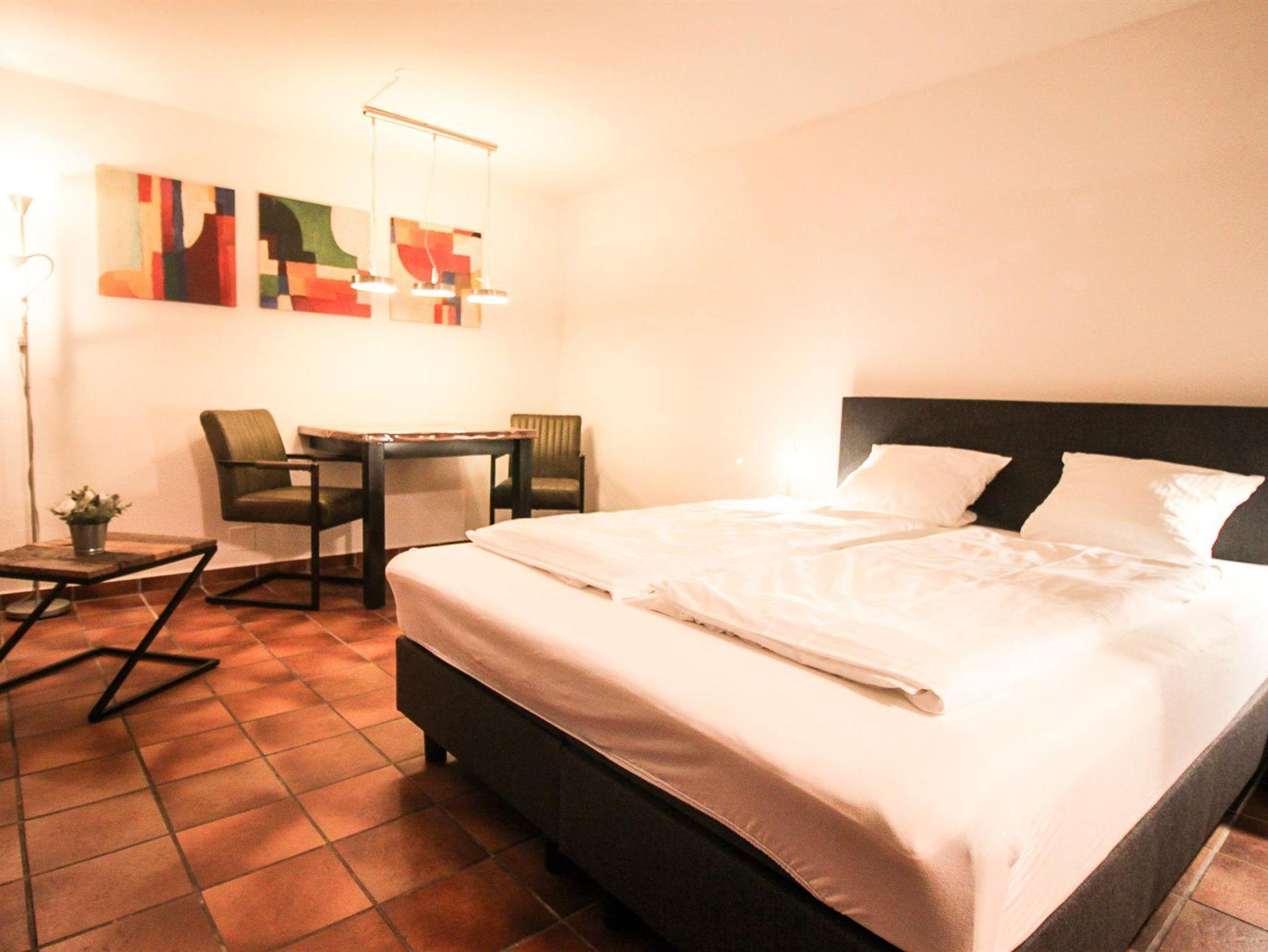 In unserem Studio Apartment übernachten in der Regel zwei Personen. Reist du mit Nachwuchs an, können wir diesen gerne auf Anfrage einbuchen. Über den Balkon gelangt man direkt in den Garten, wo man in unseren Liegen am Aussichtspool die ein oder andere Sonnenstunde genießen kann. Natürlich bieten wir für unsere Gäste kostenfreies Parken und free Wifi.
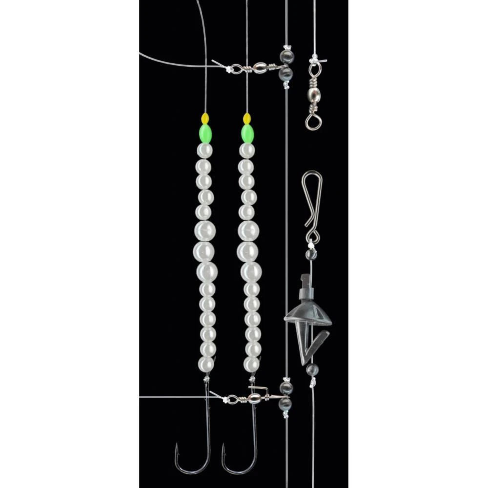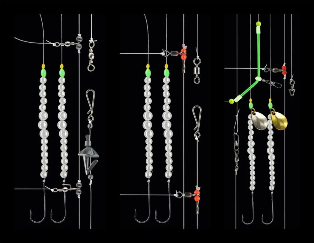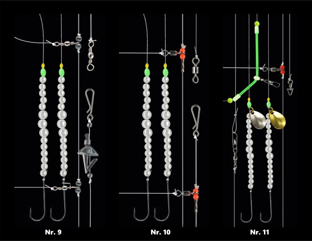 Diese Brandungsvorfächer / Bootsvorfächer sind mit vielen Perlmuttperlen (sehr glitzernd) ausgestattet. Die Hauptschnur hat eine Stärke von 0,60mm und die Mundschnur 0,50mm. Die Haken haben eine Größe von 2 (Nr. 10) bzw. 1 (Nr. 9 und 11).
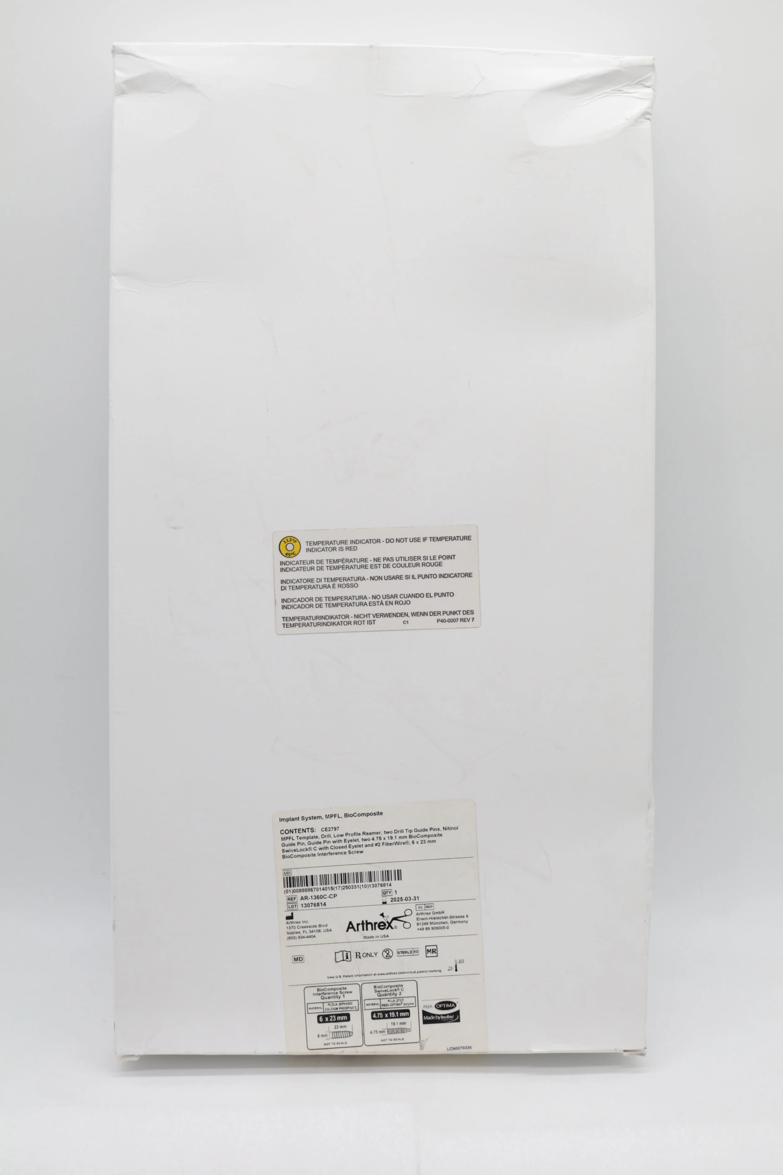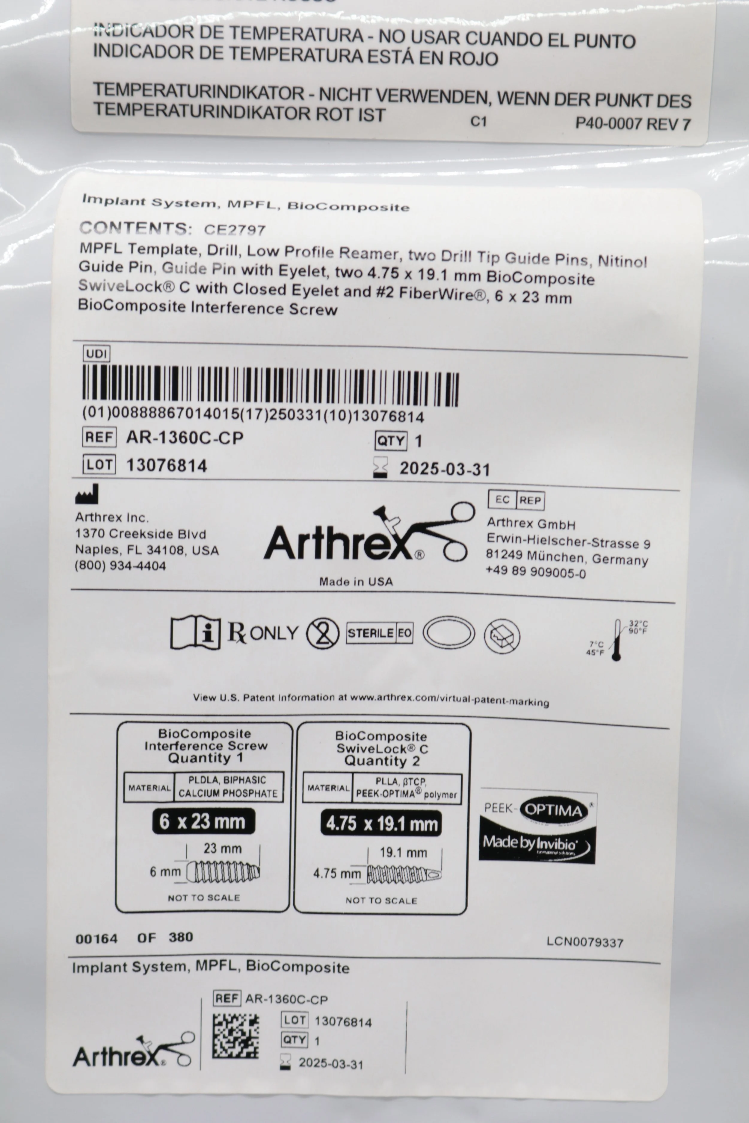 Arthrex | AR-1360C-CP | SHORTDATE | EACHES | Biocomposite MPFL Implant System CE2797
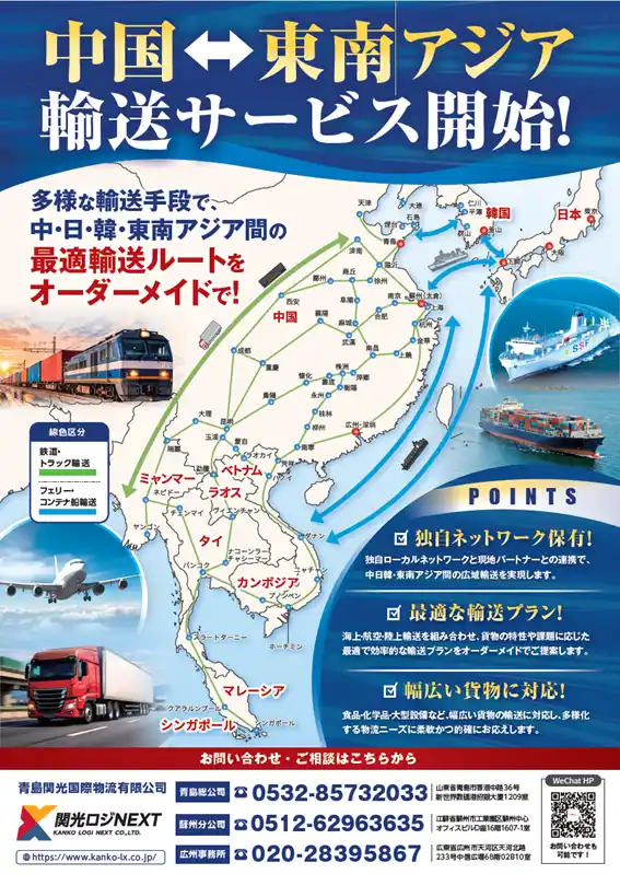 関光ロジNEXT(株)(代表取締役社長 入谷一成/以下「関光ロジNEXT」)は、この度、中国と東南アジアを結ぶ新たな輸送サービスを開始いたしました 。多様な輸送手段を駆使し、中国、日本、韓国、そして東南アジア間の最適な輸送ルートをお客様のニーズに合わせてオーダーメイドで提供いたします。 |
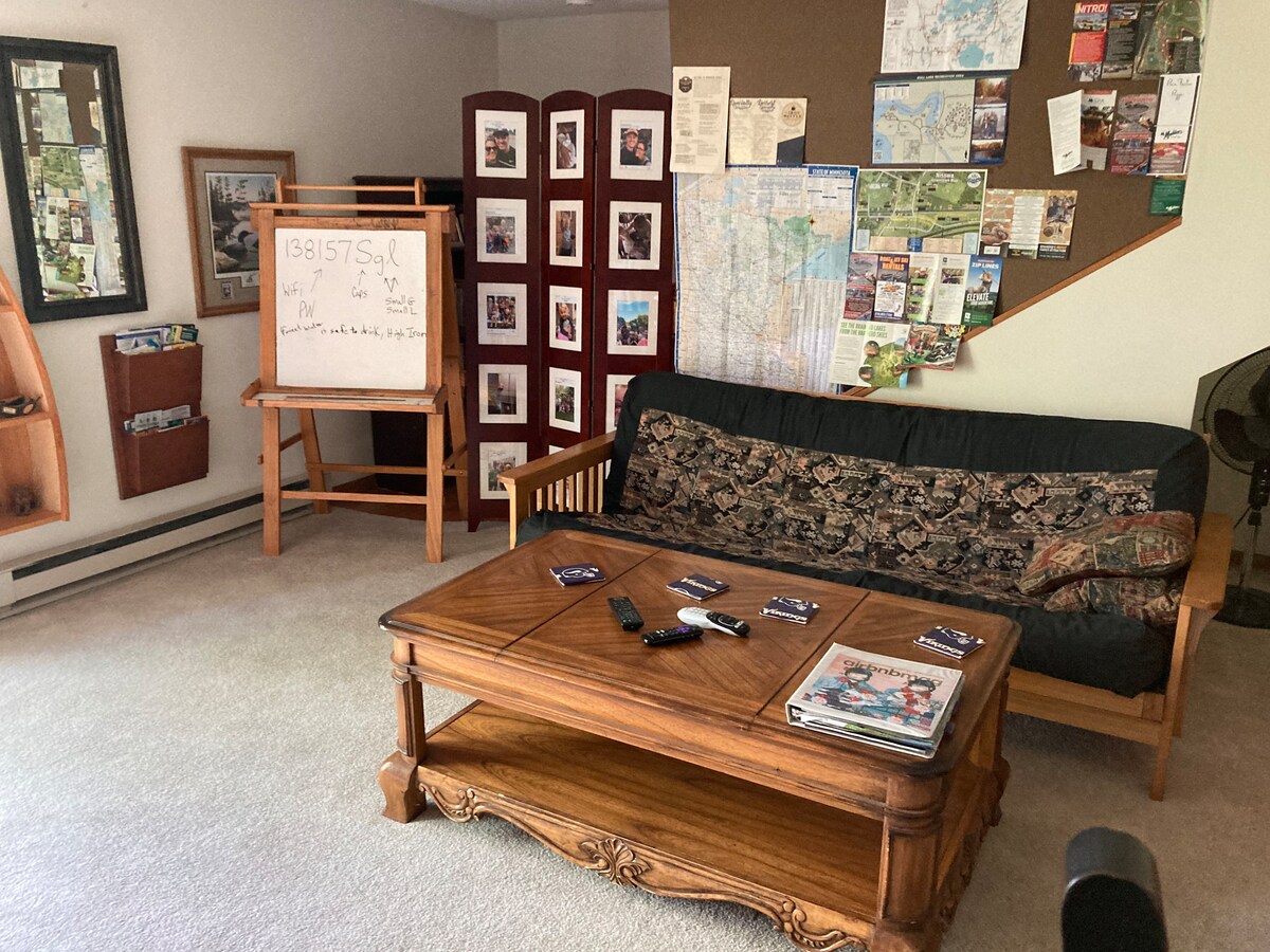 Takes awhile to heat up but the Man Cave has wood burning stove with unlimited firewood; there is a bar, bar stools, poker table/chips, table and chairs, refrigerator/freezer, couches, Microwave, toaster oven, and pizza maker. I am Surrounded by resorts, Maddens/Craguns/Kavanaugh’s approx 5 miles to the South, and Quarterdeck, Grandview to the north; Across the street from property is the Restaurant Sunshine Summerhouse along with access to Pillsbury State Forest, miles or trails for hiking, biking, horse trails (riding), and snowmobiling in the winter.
◇ ◇ ◇ ◇ ◇
■ About this task: What comes back should match the records exactly, minus any pictures.

■ Your solution:
 In unserem Studio Apartment übernachten in der Regel zwei Personen. Reist du mit Nachwuchs an, können wir diesen gerne auf Anfrage einbuchen. Über den Balkon gelangt man direkt in den Garten, wo man in unseren Liegen am Aussichtspool die ein oder andere Sonnenstunde genießen kann. Natürlich bieten wir für unsere Gäste kostenfreies Parken und free Wifi.
 Diese Brandungsvorfächer / Bootsvorfächer sind mit vielen Perlmuttperlen (sehr glitzernd) ausgestattet. Die Hauptschnur hat eine Stärke von 0,60mm und die Mundschnur 0,50mm. Die Haken haben eine Größe von 2 (Nr. 10) bzw. 1 (Nr. 9 und 11).
 Arthrex | AR-1360C-CP | SHORTDATE | EACHES | Biocomposite MPFL Implant System CE2797
 関光ロジNEXT(株)(代表取締役社長 入谷一成/以下「関光ロジNEXT」)は、この度、中国と東南アジアを結ぶ新たな輸送サービスを開始いたしました 。多様な輸送手段を駆使し、中国、日本、韓国、そして東南アジア間の最適な輸送ルートをお客様のニーズに合わせてオーダーメイドで提供いたします。 |
 Takes awhile to heat up but the Man Cave has wood burning stove with unlimited firewood; there is a bar, bar stools, poker table/chips, table and chairs, refrigerator/freezer, couches, Microwave, toaster oven, and pizza maker. I am Surrounded by resorts, Maddens/Craguns/Kavanaugh’s approx 5 miles to the South, and Quarterdeck, Grandview to the north; Across the street from property is the Restaurant Sunshine Summerhouse along with access to Pillsbury State Forest, miles or trails for hiking, biking, horse trails (riding), and snowmobiling in the winter.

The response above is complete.